春和和所有人都不一样,他站起,单手执伞,威严而尊贵:
“我由人类畏惧汇成,无论人、鬼或是妖,都有畏惧。
就像安鹤现在你站在我的对面,你的畏惧便在供养着我。”
安鹤愣愣往后退了一步,嘴里喃喃:
“春和,你……你在骗我是不是,一定是这样的。
你如果是神明,为什么要攀附谢妄。”
春和冷笑,声音都带着不屑:“我吗?我……攀附他?
我是神明,正确来说,也是鬼神。
冥都三座城,有我一座。
谢妄是王,我为什么不能是王?
你当你或者谢妄于我而言,算是什么高贵的东西吗?
凭什么要我攀附他?”
安鹤瞳孔骤缩,他终于清醒:“你是……你是冥都长夜城的主人。”
春和微微一笑,冷冷回道:“正是在下。
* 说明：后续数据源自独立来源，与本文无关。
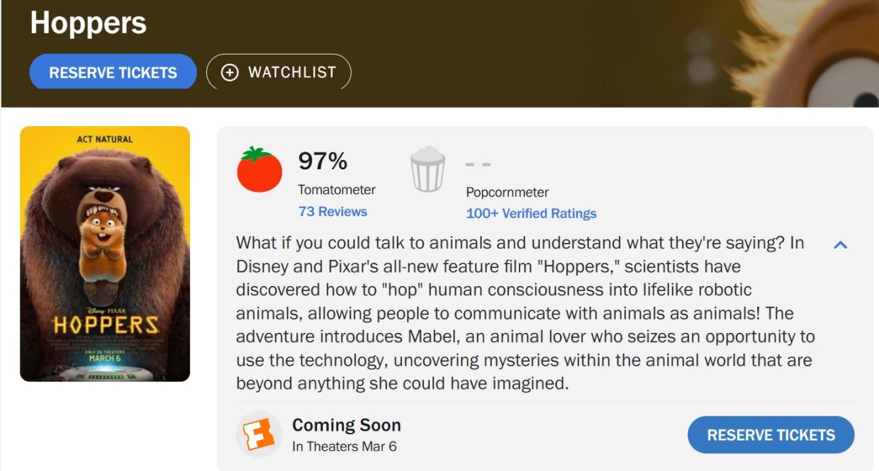 «Прыгуны» — это один из лучших фильмов Pixar за десять лет. Это призыв к зрителям, молодым и взрослым, о важности сохранения природы и понимании того, что все живые существа — часть чего-то большего.

”
说话间,春和抬手,下压伞面:
“我有一伞,是我缘由,是我前世,也是我的武器……
我虽不擅打斗,但千年来最擅控制人心里的畏惧。
安鹤……你看这伞……”
闻言,安鹤不由朝着伞面看去,是大片大片的红。
那红色逐渐蔓延,恐惧却也盈满他的心间。
安鹤好似看到自己羽翼尽断,摔落在泥土里。
看到自己被烈火焚烧,看到权力与自己失之交臂,所有妖都不再追随他,他孤身一人往他向往的王位爬。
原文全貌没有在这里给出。